What to do:
With the exception of the pictures, write out the data below precisely.

Given material:
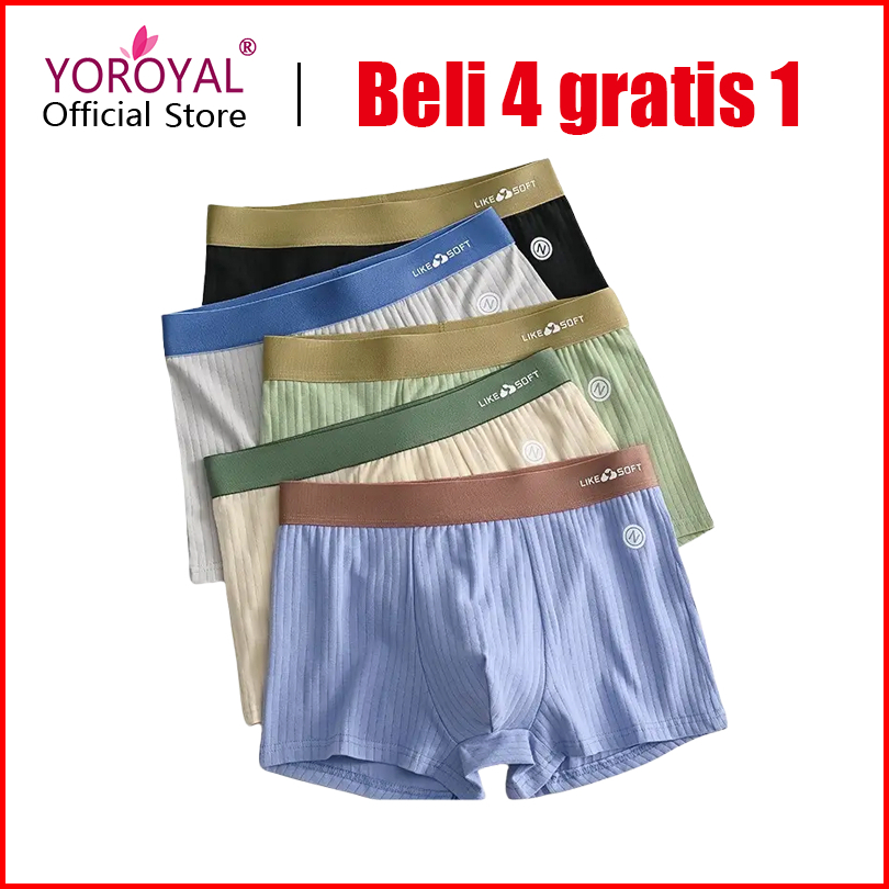 Yoroyal Paket Hemat 5 Pcs Cd Boxer Pria Katun Plus Size Celana Boxer Pria Celana Dalam Laki Laki Bahan Katun
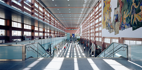 Herzstück des Gebäudes ist die 104 Meter lange, über 15 Meter hohe lichtdurchflutete Bahnhofshalle im Untergeschoss. Die mit Fenstern durchsetzte Fassade gestattet Einblick auf das Geschehen an den Bahnsteigen. In ihr haben auch die beiden denkmalgeschützten Wandbilder von Max Weiler wieder ihren Platz gefunden. Die je 110 Quadratmeter großen Werke waren von den Wänden des alten Bahnhofs in einem komplizierten Verfahren abgenommen und anschließend restauriert worden. Die denkmalgeschützten Gemälde übersiedelten bereits im vergangenen Sommer mit Hilfe mehrerer Autokräne in den Neubau. Die Art ihrer Anbringung ist bei Kunstexperten zum Teil umstritten. Die Werke aus den Jahren 1954 und 1955 wurden nicht - wie ursprünglich - einander gegenüber angebracht, sondern in großem Abstand nebeneinander.
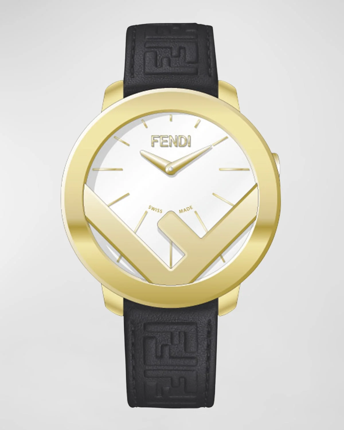 - Fendi "F is Fendi" leather bracelet watch in gold-tone stainless steel - 28mm; round gold-tone stainless steel case - Silver white dial - FF-logo at face - Logo lettering at 12 o'clock - Calf leather bracelet; FF-embossed pattern - Fold-over buckle closure - Made in Switzerland

Task result:
 Yoroyal Paket Hemat 5 Pcs Cd Boxer Pria Katun Plus Size Celana Boxer Pria Celana Dalam Laki Laki Bahan Katun
 Herzstück des Gebäudes ist die 104 Meter lange, über 15 Meter hohe lichtdurchflutete Bahnhofshalle im Untergeschoss. Die mit Fenstern durchsetzte Fassade gestattet Einblick auf das Geschehen an den Bahnsteigen. In ihr haben auch die beiden denkmalgeschützten Wandbilder von Max Weiler wieder ihren Platz gefunden. Die je 110 Quadratmeter großen Werke waren von den Wänden des alten Bahnhofs in einem komplizierten Verfahren abgenommen und anschließend restauriert worden. Die denkmalgeschützten Gemälde übersiedelten bereits im vergangenen Sommer mit Hilfe mehrerer Autokräne in den Neubau. Die Art ihrer Anbringung ist bei Kunstexperten zum Teil umstritten. Die Werke aus den Jahren 1954 und 1955 wurden nicht - wie ursprünglich - einander gegenüber angebracht, sondern in großem Abstand nebeneinander.
 - Fendi "F is Fendi" leather bracelet watch in gold-tone stainless steel - 28mm; round gold-tone stainless steel case - Silver white dial - FF-logo at face - Logo lettering at 12 o'clock - Calf leather bracelet; FF-embossed pattern - Fold-over buckle closure - Made in Switzerland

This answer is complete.